Anyway it took me about three months to the finish. During my readings I had several emotions from excitement, inspiration, peace, laughter, regret, reassurance, hope and love. I'd often tell Bible stories to my friends and family and as I'd tell them I could see how my life was changing.

Back to 2cool, a few years back several Christians came on here posting how other Christian 2coolers were mislead, praying wrong, bla, bla, bla. It kind of reminded me of when the Apostles asked Jesus, which one of was the greatest. In my eyes it was a gross mess and a disrespect to God Almighty. Melvinrod left and quit posting the daily word. They ran off someone who was giving God true Glory posting God's word. How dishearting and shameful is that?

Well I picked up where Melvinrod left off. Hoping others would feel or receive the same beautiful inspiration that came over me and read the Gospel, and turn to God and his only Son Jesus. I believe God moves in his own way and knows each and everyone of us.

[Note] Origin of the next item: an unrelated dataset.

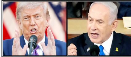
कतर, सऊदी अरब और यूएई जैसे खाड़ी देशों की अपील पर यह फैसला लिया गया: ट्रंप

नेल अवीव/वाशिंगटन। ईरान युद्ध को लेकर अमेरिकी राष्ट्रपति डोनाल्ड ट्रंप और इजरायली प्रधानमंत्री बेजायिन नेतन्याहू के बीच मतभेद खुलकर सामने आ गए हैं। एक रिपोर्ट के मुताबिक, नेतन्याहू चाहते हैं कि ईरान पर हमले जारी रहें, जबकि ट्रंप फिलहाल बातचीत और डील को मौका देना चाहते हैं। रिपोर्ट के मुताबिक, मंगलवार को दोनों नेताओं के बीच करीब एक घंटे तक फोन पर बातचीत हुई। अमेरिकी अधिकारी ने बताया कि नेतन्याहू ने ट्रंप से कहा कि ईरान पर प्रस्तावित हमले रोकना गलती है और सैन्य कार्रवाई जारी रहनी चाहिए। ट्रंप ने नेतन्याहू को बताया था कि अमेरिका ईरान पर नए टारगेट्स हमले की तैयारी कर रहा है। इस ऑपरेशन को 'ऑपरेशन स्लेजहैमर' नाम दिया जाना था, लेकिन करीब 24 घंटे बाद ट्रंप ने घोषणा कर दी कि मंगलवार के लिए तय हमलों को फिलहाल रोक दिया गया है। ट्रंप ने कहा कि कतर, सऊदी अरब और यूएई जैसे खाड़ी देशों को

As far as why MY Bible has something different from yours, all Christian Bibles are mine. I get inspiration from all of them and yes I know there are tons of versions out there, but I do like the ones that are easier for me to understand.

The Bible I posted on this date came from the America version so it maybe a translation.

I am not a Bible scholar, but your remarks questioning why MY Bible left something out, was not appreciated.


----------



## george nobles (Dec 12, 2013)

The part I do not understand is if you read different translation of the Bible, how you do not see the difference in the verses and how they mislead the people. Just like the passage you typed, it did not bother you that they left out the key part about the reason why we get baptized. Rev. 22:18-19 do add or take away. If you really are serious about telling people about the bible you tell them the whole story, not just the parts that make them feel good about themselves. People need to hear about the reason why they need Jesus. I believe Rev.22:18-19 pertains to everyone. 2Tim.4:3-4 false teaching. You can see it all around us now how people are creating a god to fit their life style. When people do this they are breaking the First and Second commandments. 1. Thou shalt have no other gods before me. 2. Thou shalt not make unto thee any graven image, or any likeness of any thing that is in heaven above, or that is in the earth beneath, or that is in the water under the earth.


----------



## DA REEL DADDY (Jun 7, 2005)

One thing I will agree with you is in my bible study a lot of folks have different bibles and they all read differently,but to me the message is the same.


----------



## KeeperTX (Jul 8, 2013)

george nobles said:


> The part I do not understand is if you read different translation of the Bible, how you do not see the difference in the verses and how they mislead the people. Just like the passage you typed, it did not bother you that they left out the key part about the reason why we get baptized. Rev. 22:18-19 do add or take away. If you really are serious about telling people about the bible you tell them the whole story, not just the parts that make them feel good about themselves. People need to hear about the reason why they need Jesus. I believe Rev.22:18-19 pertains to everyone. 2Tim.4:3-4 false teaching. You can see it all around us now how people are creating a god to fit their life style. When people do this they are breaking the First and Second commandments. 1. Thou shalt have no other gods before me. 2. Thou shalt not make unto thee any graven image, or any likeness of any thing that is in heaven above, or that is in the earth beneath, or that is in the water under the earth.


I agree with you george. When the Holy Spirit is in you, you will love the truth and seek it. The ultimate deceiver is always at work and he uses any vehicle he can, even by coming up with different translations that end up changing or even omitting very important verses.

A quick story: Back when I first surrendered my life to the Lord I was sitting in a bible study. The pastor asked me to read a certain scripture and I thought he was messing with me because the scripture was nowhere to be found in my bible. Somebody else had to read it because my bible didn't have that scripture. Right there & then I realized that we need to be careful which version of the bible we use.


----------